Stravagante, colto, poetico, sensibile, uomo del suo tempo. Un'infanzia passata nell'amore della sua famiglia, che non lo giudicava.

Padre carabiniere, madre maestra, figli dell'ottocento, di cultura laica. L'esempio di come si possa crescere attraverso la scoperta dei libri, da autodidatta.

La zia che lo portava al cinema e al teatro, la lettura dei grandi romanzi e quella degli ''allegri costumi romani'', ma anche gli autori francesi. Perché la letteratura, come diceva, aiutava la profondità delle cose.

La realtà non bastava mai e non basta. Da certi testi "porcelloni" (come li definiva, divertito) che lo incuriosivano durante l'infanzia trasse la lezione che dal male può nascere anche un bene, mentre i difetti possono diventare delle virtù. Se lo chiamavano "maestro" si scherniva. ''Io sono dottore'', diceva, rivendicando la sua laurea in letteratura francese.

Ariosto, Tasso, Leopardi. Ma anche Palazzeschi, l'amato 'Pinocchio' di Collodi che considerava superiore, e a ragione, ai 'I Promessi sposi'' di Manzoni. Poi le fiabe. Si era formato qui, Paolo Poli, dentro questo humus prolifico di un'Italia oggi sempre meno studiata e conosciuta.

Nel 1967 lo spettacolo ‘Rita da Cascia’ e i problemi con la censura; l’amicizia con Moravia, gli incontri con le ‘sue’ dive, Franca Valeri, Alida Valli, e ancora Paola Borboni, Anna Magnani, Laura Betti, e poeti e letterati, cineasti, attori.

Dopo un periodo di apparizione televisive, nel 1970 un suo programma 'Babau' viene rinviato nella visione ai telespettaori in quanto ritenuto inopportuno. La Rai attenderà ben sei anni prima di mandarlo in onda, d'estate, ad agosto.

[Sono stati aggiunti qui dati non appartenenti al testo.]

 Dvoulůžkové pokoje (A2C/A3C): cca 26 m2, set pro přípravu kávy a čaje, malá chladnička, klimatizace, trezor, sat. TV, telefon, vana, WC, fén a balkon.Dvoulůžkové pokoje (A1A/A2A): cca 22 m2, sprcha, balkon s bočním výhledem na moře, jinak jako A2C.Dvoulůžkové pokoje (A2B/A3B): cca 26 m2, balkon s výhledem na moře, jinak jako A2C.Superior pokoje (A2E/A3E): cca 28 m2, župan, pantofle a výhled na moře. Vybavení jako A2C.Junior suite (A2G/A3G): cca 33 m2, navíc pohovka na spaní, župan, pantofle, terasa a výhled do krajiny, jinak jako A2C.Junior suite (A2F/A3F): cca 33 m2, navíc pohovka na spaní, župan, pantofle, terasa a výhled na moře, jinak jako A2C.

Paolo Poli è stato un grande talento nascosto, spesso, alla visibilità del pubblico di massa. Ma lui, che di massa non era (per fortuna), non se ne curava. Il Teatro e i suoi interessi lo riempivano e lo completavano. Raccontava la sua omosessualità e la rendeva un fattore della vita, semplice, senza condizionamenti interiori, un orientamento - come di direbbe oggi - vissuto con serenità e condita da aneddoti sempre divertenti. Sapeva stare al mondo sui suoi piedi, Poli, e libero di ogni sovrastruttura imposta o stereotipata.

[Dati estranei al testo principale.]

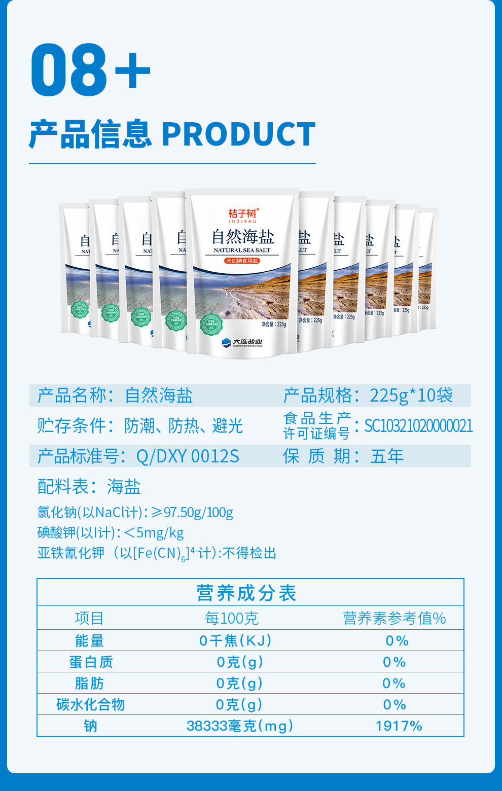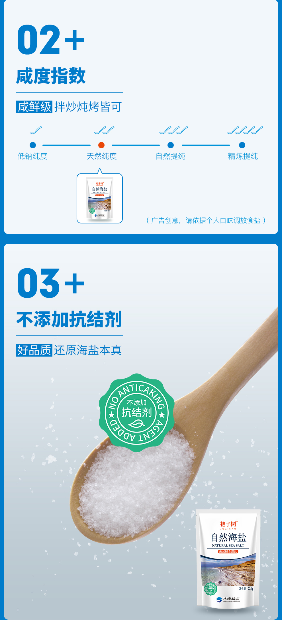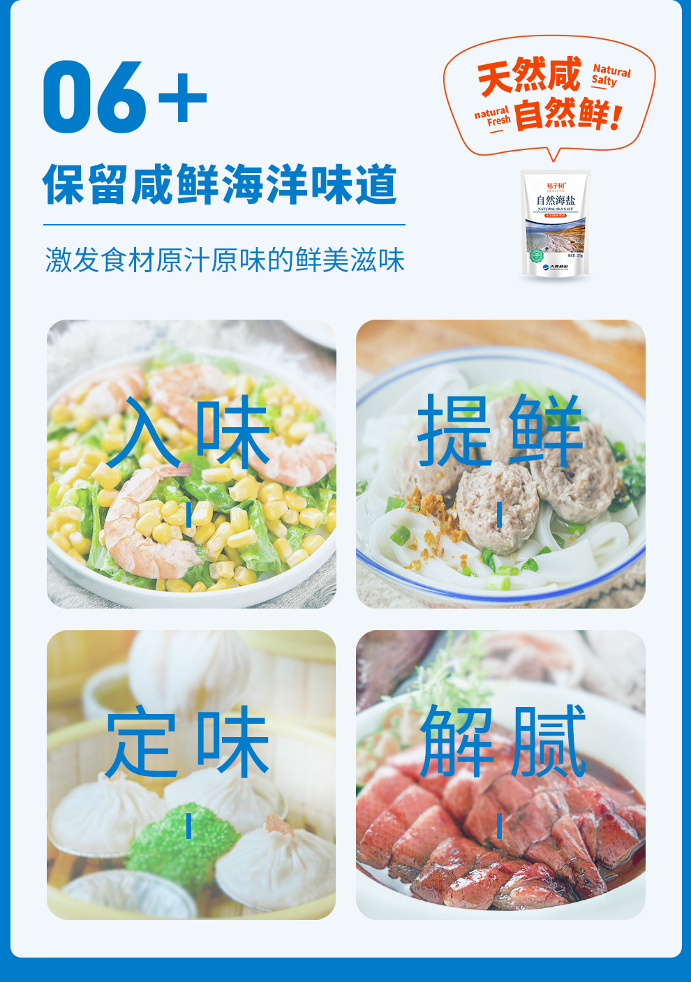 【特点】澳洲进口原盐,天然海水在阳光、风力作用下自然蒸发结晶海盐,层层过滤。盐粒纯度高、杂质少,口感温和有回甘,特别鲜美。不加碘、不加抗结剂,天然风味,健康纯正。

Le luci della 'scatoletta' (la Tv), come la chiamava, non erano fondamentali. Altro mondo, lezioni di vita. Gli piaceva la provincia, dove trovava ancora la meraviglia. Dopo decenni di teatro si divertiva a convertire le sensazioni di chi, diffidente, pensava di trovare un attore travestito da donna e non un genio, un uomo di cultura, spessore, sensibilità. Credeva nell'uomo e il sacro era cosa che gli interessava sul piano culturale, negli aspetti più nascosti, nelle sue personalità ed anche nelle sue leggende a cui si credeva e che influenzavano la società.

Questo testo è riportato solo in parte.